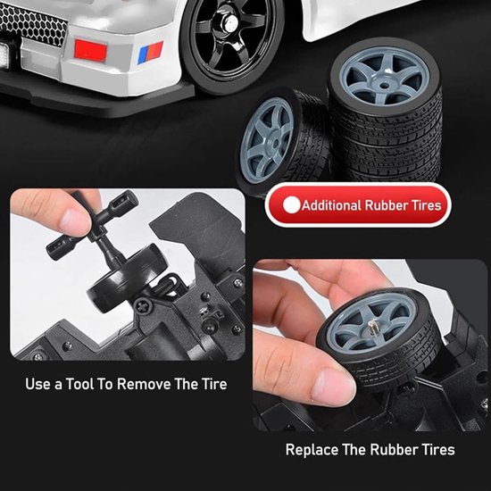 Ervaar de ultieme drift sensatie met deze indrukwekkende op afstand bestuurbare auto die garant staat voor urenlang speelplezier. Deze RC drift auto is ontworpen voor zowel beginnende als ervaren bestuurders die op zoek zijn naar een dynamische rijervaring. Herken je dat verlangen naar een RC auto die meer kan dan alleen rechtuit rijden? Een auto die de spanning van echte driftracers nabootst en je de controle geeft om spectaculaire manoeuvres uit te voeren? Deze auto is speciaal ontwikkeld om aan die behoefte te voldoen, waardoor je de uitdaging aangaat om de controle te behouden tijdens snelle bochten en gecontroleerde slides. Deze veelzijdige RC auto is perfect voor gebruik zowel binnen als buiten. Creëer je eigen racecircuit in de woonkamer, daag vrienden uit in de tuin, of ontdek nieuwe driftmogelijkheden op een vlakke ondergrond zoals een oprit of een lege parkeerplaats. De meegeleverde sproeifunctie voegt een extra dimensie toe aan het driften, waardoor het lijkt alsof je een echte raceauto bestuurt met rook die uit de banden komt. De levendige LED-verlichting zorgt ervoor dat je ook in de schemering of donkere ruimtes volop kunt genieten van het rijden en de auto goed zichtbaar blijft. Wat deze auto zo speciaal maakt, is de combinatie van snelheid, wendbaarheid en realistische driftmogelijkheden. Geniet van de vrijheid om te sturen en te driften met een indrukwekkende snelheid van 18 km/u. De 4WD aandrijving zorgt voor optimale grip en stabiliteit, zelfs tijdens de meest uitdagende drifts. De meegeleverde extra set rubberen banden biedt je de mogelijkheid om de grip aan te passen aan verschillende ondergronden en je drifttechniek te perfectioneren. Het opladen van de krachtige Li-ion accu gaat snel via de USB-kabel, zodat je minder lang hoeft te wachten en langer kunt spelen. Het rijden met deze auto biedt niet alleen entertainment, maar stimuleert ook de fijne motoriek, reactiesnelheid en strategisch denken. Een uniek kenmerk van deze RC drift auto is de geïntegreerde sproeifunctie, die een realistische rook-effect creëert tijdens het driften, wat de race-ervaring naar een hoger niveau tilt. In combinatie met de scherpe LED-verlichting is dit een auto die gegarandeerd de aandacht trekt en zorgt voor een spectaculaire show, zowel overdag als 's avonds. De 4WD aandrijving zorgt voor een superieure tractie en controle, essentieel voor precisie driften. Wacht niet langer en bestel deze fantastische RC drift auto vandaag nog om je eigen driftkampioenschap te starten en indruk te maken op iedereen met je spectaculaire rijkunsten!
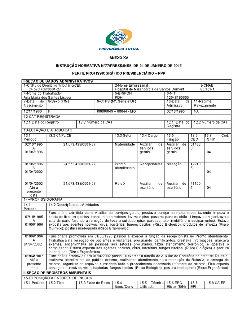 PERFIL PROFISSIOGRÁFICO PREVIDENCIÁRIO – PPP
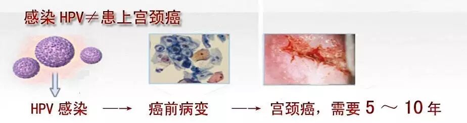 研究证实,感染HPV后,大多数女性的免疫系统可以把进入体内的HPV清除。只有 少数女性由于无法消灭进入体内的HPV,造成HPV持续感染,才有可能引起宫颈癌前病变。其中有部分患者会进一步发展成为宫颈癌,这一过程约5到10年。
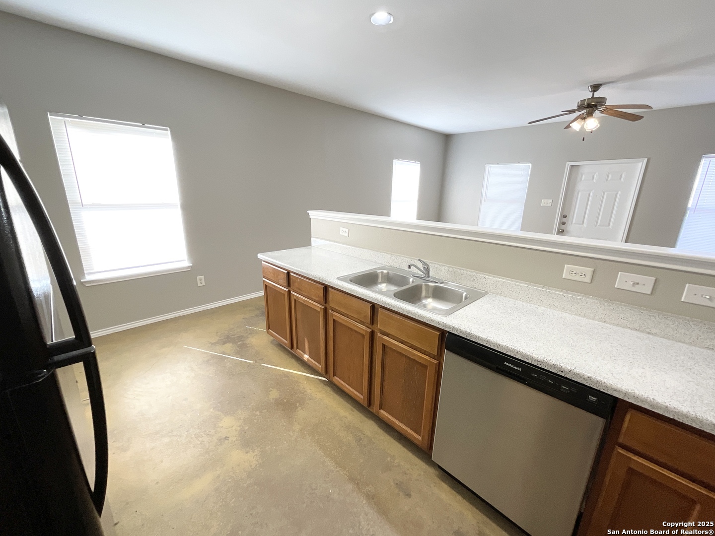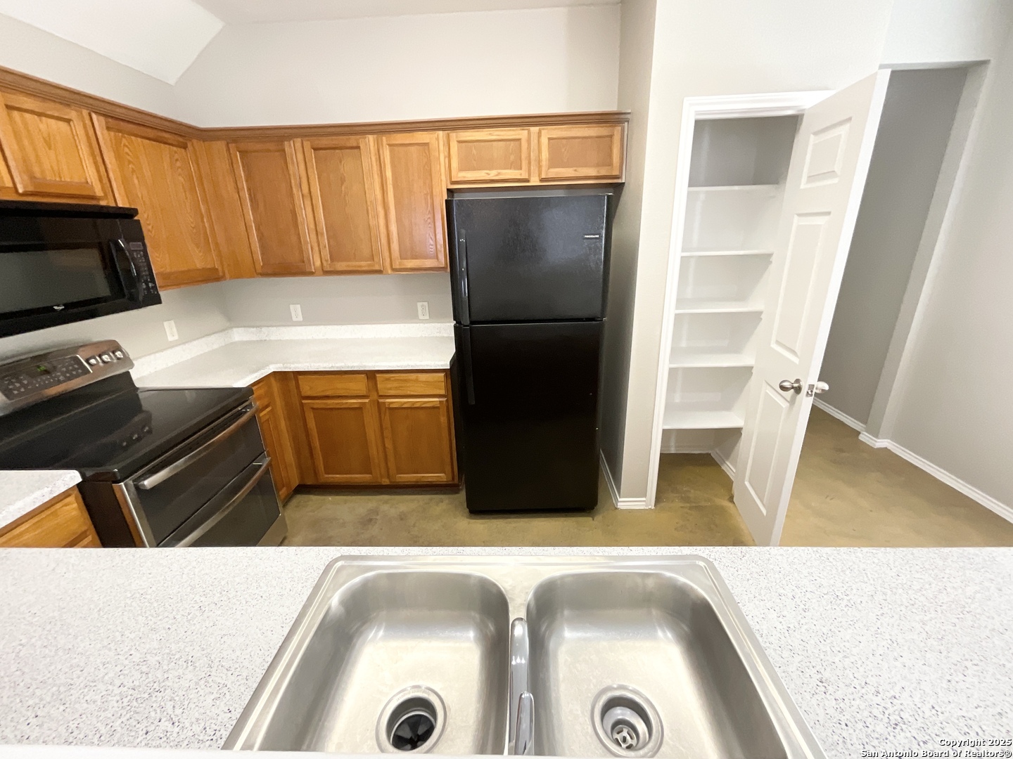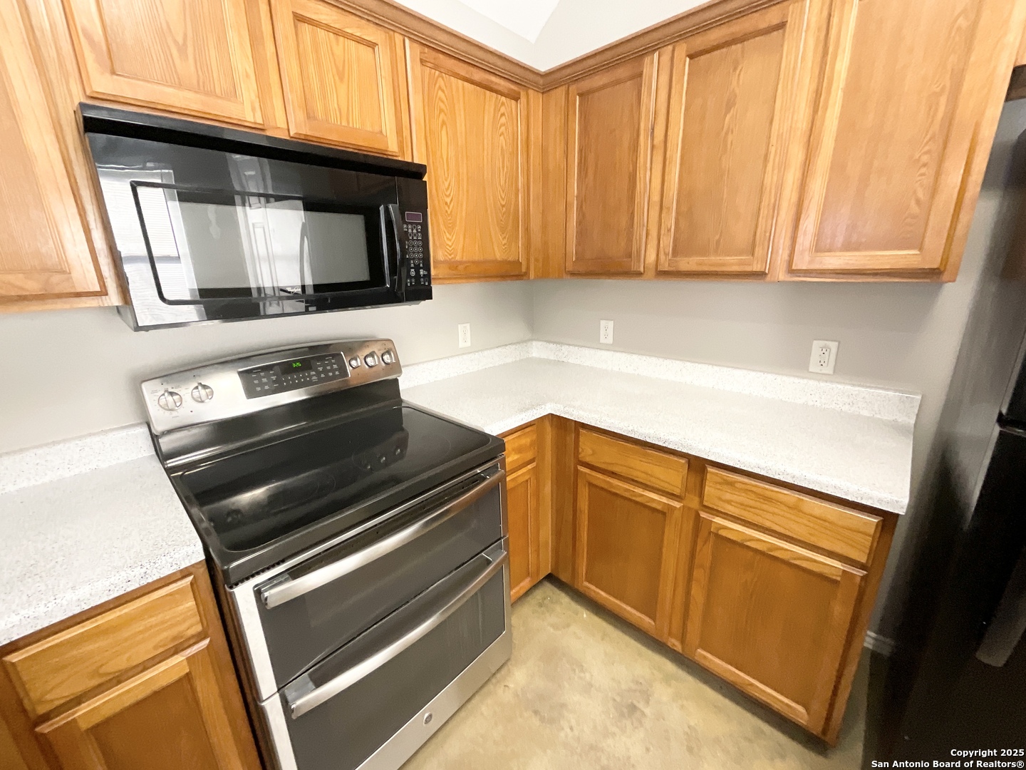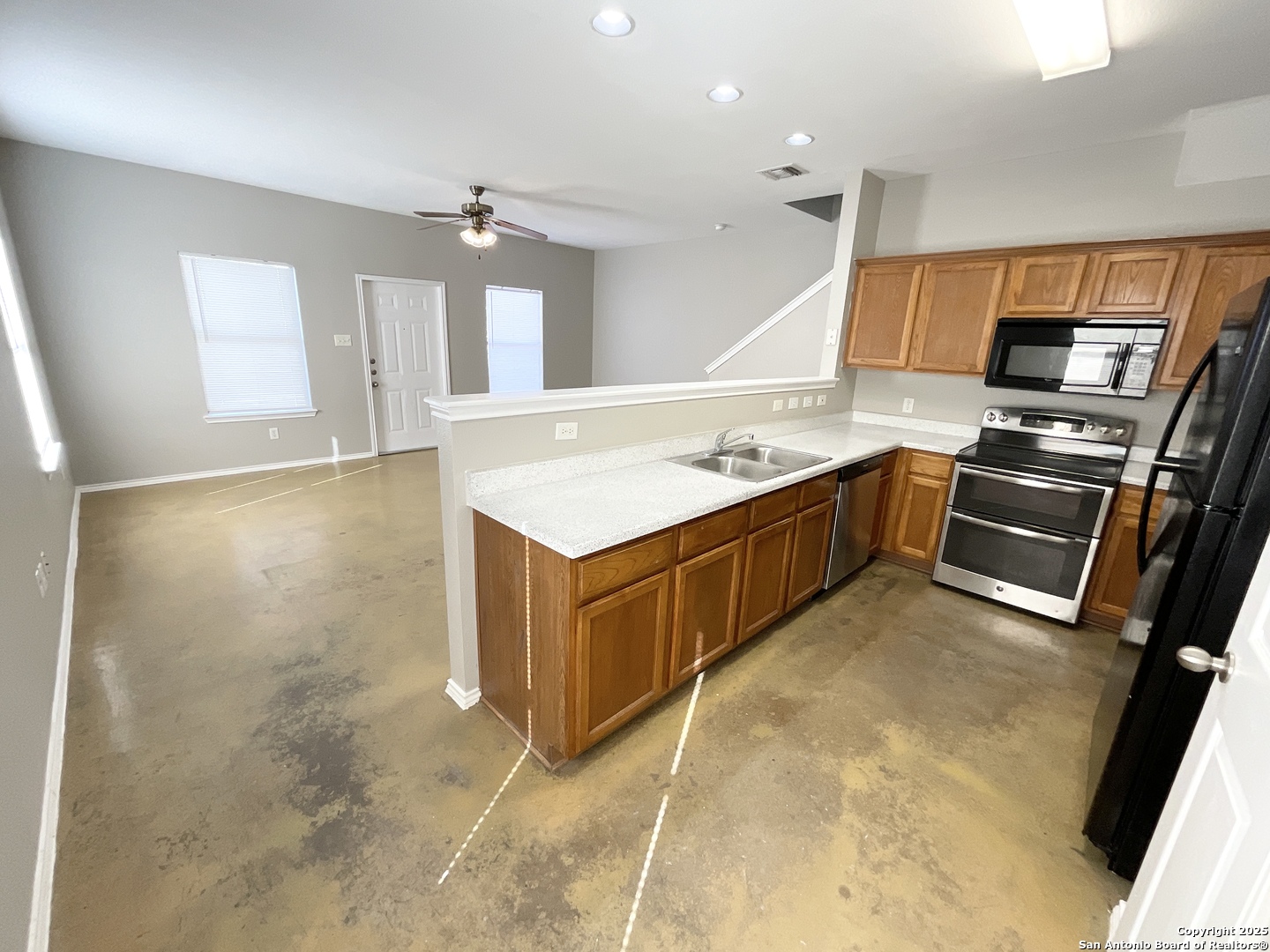 Welcome to this lovely, well-maintained unit in cul-de-sac. This home has brand new luxury vinyl flooring upstairs & low-maintenance stained concrete floors downstairs- no carpet! All 3 bedrooms are upstairs, each with a ceiling fan. The kitchen opens to the living area and has all the appliances you need to cook like a pro at home. Extra storage provided in the hallways downstairs and upstairs, as well as a pantry. This home has a guest restroom downstairs, and 2 full baths upstairs. There is a single car garage with garage door opener, and extra storage. Washer/dryer connections are in the garage. Nice sized backyard with privacy fence, and side yard. Convenient to HEB & Walmart, Randolph AFB, Fort Sam & BAMC, IH-35, IH-10, Loops 410 & 1604, restaurants, shopping and more!
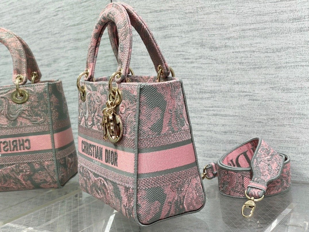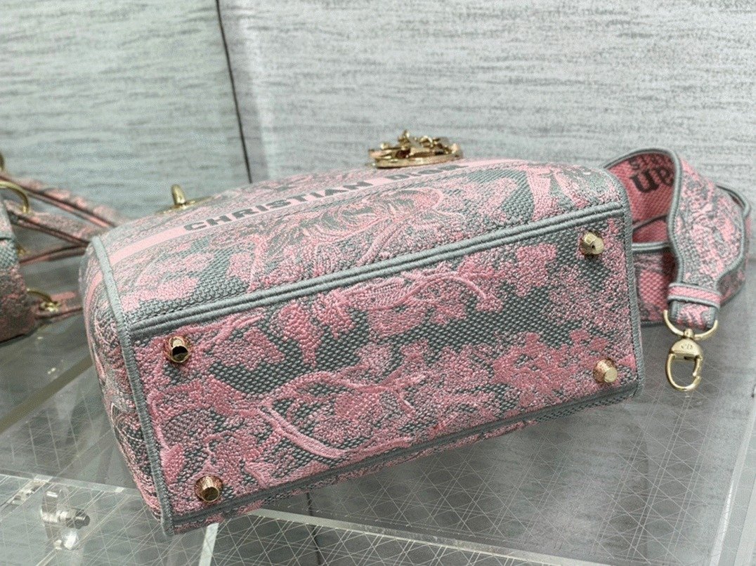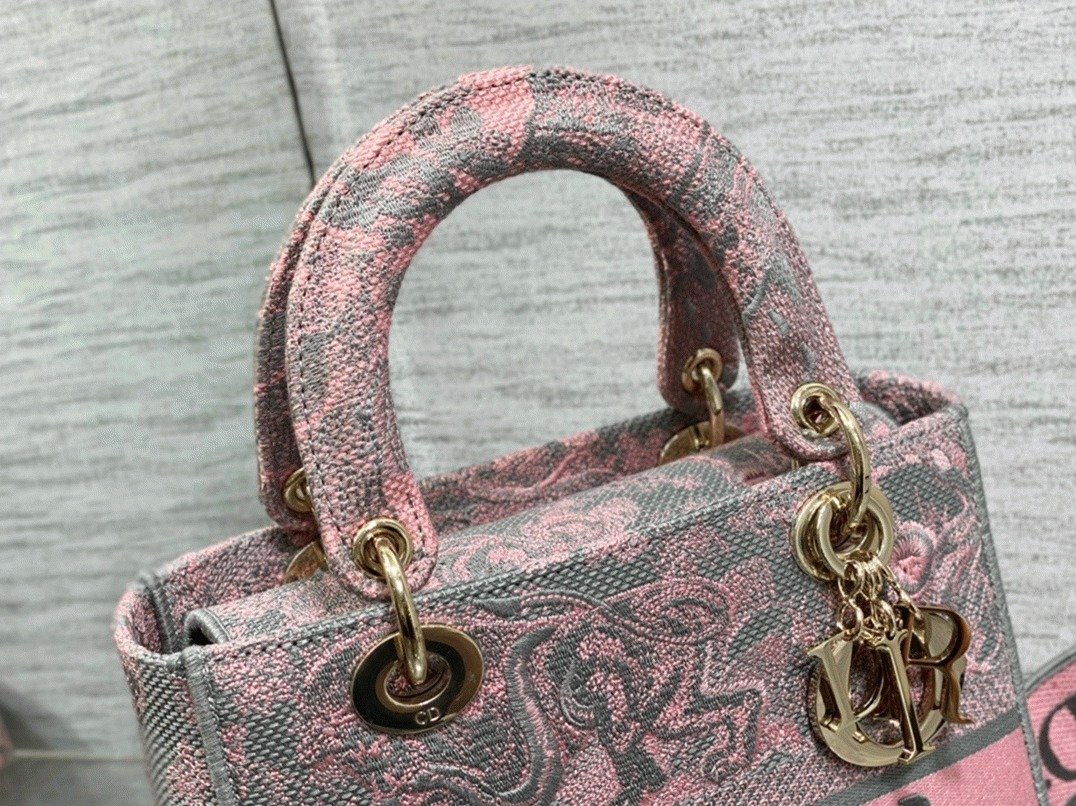 Dior Lady D-Lite Medium Bag Knockoff in Grey and Pink Toile de Jouy Reverse Embroidery
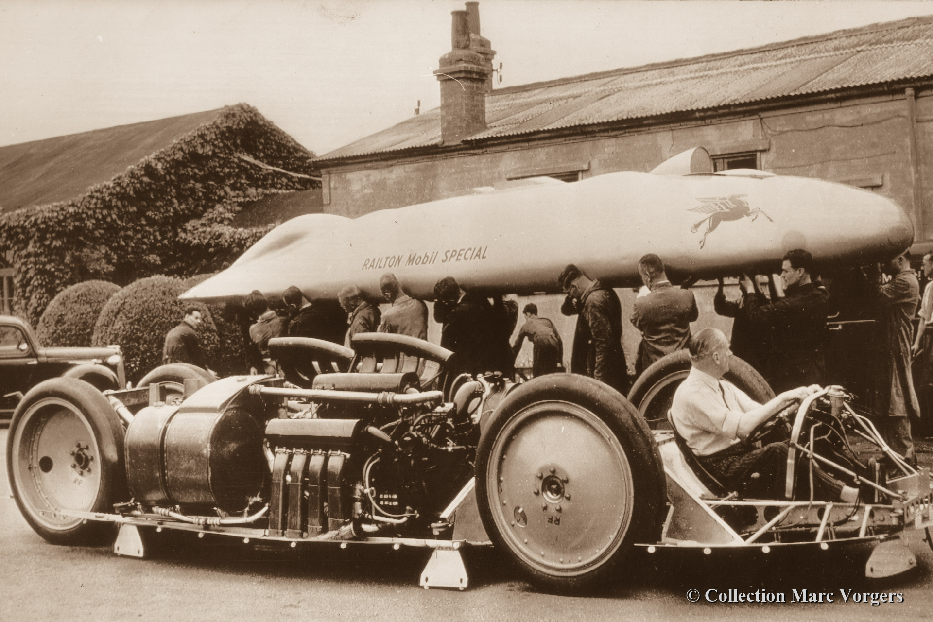 90 A great shot of the Railton Mobil Special showing John Cobb in charge, the big Napier Lion aero engines (driving all four wheels). About 6-8 men were needed to put the bodywork in place. Weight about 200 kg.

**TASK DESCRIPTION**
Leaving the pictures out, transcribe word for word the lines from the one with "Dior Lady D-Lite" to the end of the material above, inclusive, and nothing else.

**RESPONSE TO THIS EXERCISE**
 Dior Lady D-Lite Medium Bag Knockoff in Grey and Pink Toile de Jouy Reverse Embroidery
 90 A great shot of the Railton Mobil Special showing John Cobb in charge, the big Napier Lion aero engines (driving all four wheels). About 6-8 men were needed to put the bodywork in place. Weight about 200 kg.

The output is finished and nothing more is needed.